Raperda Masyarakat Adat Sumbawa penting atasi sengketa lahan

id Masyarakat Adat

Raperda Masyarakat Adat Sumbawa penting atasi sengketa lahan

Aliansi Masyarakat Adat Nusantara (AMAN) menggelar aksi damai di Bundaran Hotel Indonesia, Jakarta, 24 Januari 2016. (Antara Foto) (1)

"Kalau Perda disahkan, mereka (masyarakat adat) akan merasa aman, tidak was-was lagi, tidak kuatir wilayah mereka diklaim pihak lain"
     Sumbawa, (Antara NTB) - Raperda pengakuan dan perlindungan masyarakat adat harus segera disahkan agar sengketa kepemilikan lahan masyarakat adat bisa diselesaikan.

        "Kalau Perda disahkan, mereka (masyarakat adat) akan merasa aman, tidak was-was lagi, tidak kuatir wilayah mereka diklaim pihak lain," kata Kepala Bidang Advokasi Aliansi Masyarakat Adat Nusantara (AMAN) Kabupaten Sumbawa, Febriyan Anindita, di Sumbawa, Nusa Tenggara Barat, Kamis.

        Pihaknya mencatat adanya konflik lahan terkait isu masyarakat adat di Sumbawa, salah satunya terjadi di komunitas adat Kanar di Desa Labuan Badas, Kecamatan Labuan Badas, Sumbawa Besar.

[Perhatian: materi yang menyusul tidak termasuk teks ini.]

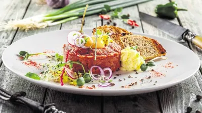 Čim bolj ohlajeno očiščeno meso narežemo na drobne koščke, jih posolimo in popramo. Inčunove filete stremo. Kapre drobno sesekljamo. Narezano meso z zelo ostrim nožem drobno sesekljamo ali grobo zmeljemo v dobro ohlajenem stroju! Dodamo vse preostale sestavine po navedenem vrstnem redu, dobro premešamo in na ohlajenem krožniku poljubno oblikujemo. Obložimo s kosmi masla, oljkami, kaprami, slanimi fileti, čebulo in podobnim, po želji tudi z dodatnim surovim rumenjakom, ponudimo pa z doma pripravljeno majonezo, pikantnimi dodatki in različnimi opečenimi kruhki. Odlična priloga je tudi ocvrt krompirček.

        Dari 3.100 hektar wilayah adat yang sudah dipetakan, 1.000 hektar diantaranya masuk wilayah Kesatuan Pengelolaan Hutan (KPH).

       "Rumah penduduk di situ disuruh pindah oleh KPH, padahal itu merupakan wilayah adat. Ada saling klaim di situ," katanya.

       LSM Aliansi Masyarakat Adat Nusantara (AMAN) berupaya mendorong belasan masyarakat adat dan hak-hak mereka untuk diakui secara hukum melalui peraturan daerah yang saat ini masih berupa rancangan.

        Rancangan Perda tentang Pengakuan dan Perlindungan Masyarakat Adat di Kabupaten Sumbawa saat ini masih dalam tahap uji publik.

        Raperda tersebut, menurutnya sangat penting karena menjadi payung hukum bagi perlindungan keberadaan sejumlah komunitas adat di Kabupaten Sumbawa.

        AMAN mencatat ada sekurangnya 17 komunitas adat di Kabupaten Sumbawa. Namun demikian, baru lima komunitas adat yang sudah terverifikasi. Sementara 12 komunitas adat lainnya masih belum diverifikasi.

       Komunitas adat tersebut belum diakui kepemilikan komunalnya yang berbasis adat terutama yang berkaitan dengan tanah. Hal tersebut sering menimbulkan masalah pengelolaan dan penguasaan lahan.

         "Langkah ini (raperda) untuk memperjelas status hutan," katanya.

        Kasus ini berawal dari LSM Aliansi Masyarakat Adat Nusantara (AMAN) yang menggugat Mahkamah Konstitusi (MK) pada 2010 terkait Undang-undang Nomor 41 Tahun 1999 tentang Kehutanan.

         Dalam UU tersebut dinyatakan bahwa hutan adat masuk dalam wilayah hutan negara.

        Atas gugatan tersebut, MK akhirnya mengeluarkan Putusan MK Nomor 35 Tahun 2012 yang mengembalikan hutan adat ke masyarakat adat.

        Kendati demikian untuk mendapatkan hutan adat, masyarakat adat setempat harus mendapat pengakuan resmi dalam bentuk peraturan daerah (perda).